Hi, I’m trying to write a kernel (using KernelAbstractions.jl) to evaluate a function f over an arbitrary dimensional Cartesian grid, which is represented by vectors rs.... To give a concrete example, for a 2D grid I can write the following:

using KernelAbstractions

@kernel function map_grid_kernel!(dest, f, x, y)
    J = @index(Global, NTuple)
    dest[J...] = f(x[J[1]], y[J[2]])
end

function map_grid!(dest, f, x, y)
    backend = get_backend(dest)
    f! = map_grid_kernel!(backend)
    f!(dest, f, x, y; ndrange=size(dest))
end

Then the following works just fine:

x = LinRange(-3, 3, 128)
y = copy(x)
dest = Array{Float64}(undef, length(x), length(y))

f(x...) = exp(-sum(abs2, x))

map_grid!(dest, f, x, y)

I’m having problems generalizing this to accept grids of arbitrary dimension.

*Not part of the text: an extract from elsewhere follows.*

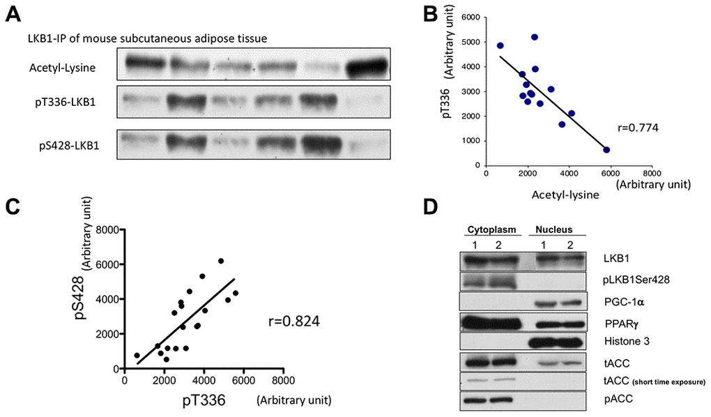 We examined whether suppression and activation of LKB1 via acetylation can occur in adipose tissue of the mouse in vivo. Previously we demonstrated that knock-down of Sirt1 increases LKB1 acetylation while Sirt1 overexpression and activation by resveratrol decreases acetylation [15]. Therefore, the acetylation status of LKB1 is a likely indicator of Sirt1 activity. In vivo, Sirt1 activity can be modulated by circadian rhythm and feeding-fasting cycle, thus, we expected that LKB1 acetylation may fluctuate. LKB1 was immunoprecipitated from mouse subcutaneous adipose tissues and blotted with acetyl-lysine, pS428, and pT336, a primary auto-phosphorylation site (Figure 5A). Phosphorylation of T336 LKB1 only occurs when LKB1 forms the active complex with STRAD and MO25, thus, is an indicator of LKB1 activation. We found that LKB1 acetylation was negatively correlated with pT336 (Figure 5A, 5B). In addition, there was a strong positive correlation between pT336 and pS428 (Figure 5A, 5C). The results suggest that Sirt1 activity may control LKB1 activity in vivo and this can be monitored by assessing pSer428 LKB1. We previously demonstrated such a relationship in aortic endothelium after acute exercise [29].

Although I’m able to write

@kernel function map_grid_arbitrary!(dest, f, rs...)
    J = @index(Global, NTuple)
    dest[J...] = f(ntuple(n -> rs[n][J[n]], ndims(dest))...)
end

function map_grid_arbitrary!(dest, f, rs...)
    backend = get_backend(dest)
    f! = map_grid_arbitrary!(backend)
    f!(dest, f, rs...; ndrange=size(dest))
end

this version allocates more then the previous one when called with the same arguments, and is also much slower. I couldn’t find a solution that matches the speed of the explicit 2D case. Does anyone has an idea of what can be done here? Thanks in advance!